Though the Constitution requires that a public education be offered free to all people, the Haitian government has been unable to fulfill this obligation. It spends about 10% of the federal budget on the country's elementary and secondary schools. Out of the 67% enrollment rate for elementary school, 70% continue on to the third grade. 21.5% of the population, age 5 and older, receive a secondary level education and 1.1% at the university level (1.4% for men compared to 0.7% for women). Nearly 33% of children between the ages of 6 and 12 (500,000 children) do not attend school, and this percentage climbs to 40% for children ages 5 to 15 which accounts for approximately one million children. The dropout rate is particularly high at 29% in the first basic cycle. Close to 60% of children drop out of school before receiving their primary education certificate. Of the two million children enrolled in the basic level, 56% are at the required age for the first cycle (ages 6 to 11). While the mandated age for entering grade 1 is 6, the actual mean age is nearly 10, and students in grade 6 are on average almost 16, which is 5 years older than expected. 83% of those ages 6–14 attended school in 2005. These rates are much lower for the poor.
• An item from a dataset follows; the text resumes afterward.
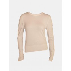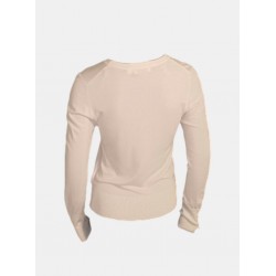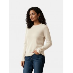 Jersey para mujer de cuello redondo y mangas largas con diseño de tres botones metálicos.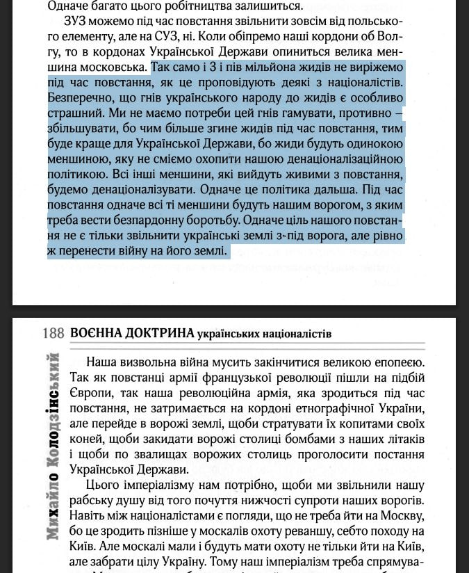 «Безперечно, що гнів українського народу до Ж***в буде особливо страшний. Ми не маємо потреби цей гнів гамувати, противно, ще побільшувати, бо чим більше згине Ж***в під час повстання, тим буде краще для української держави, бо Ж**и будуть одинокою меншиною, яку не сміємо обхопити нашою денаціоналізаційною політикою. Всі інші меншини, які вийдуть живими з повстання, будемо денаціоналізувати. Одначе це політика дальша. Під час повстання, одначе, всі ті меншини будуть нашим ворогом, з яким треба вести безпардонну боротьбу» («Военная доктрина украинских националистов», 1938 год)».

With the exception of higher education, private schools in Haiti account for 80% of total enrollments and serve the majority of Haitian students. According to Wolff there are three main types of schools that make up the private sector. The first and largest type of private schools are for-profit private schools run by entrepreneurs. These schools have very few, if any, books and unqualified teachers and school directors. They are popularly known as "écoles borlettes," which translates to "lottery schools," because "only by chance do the children learn anything."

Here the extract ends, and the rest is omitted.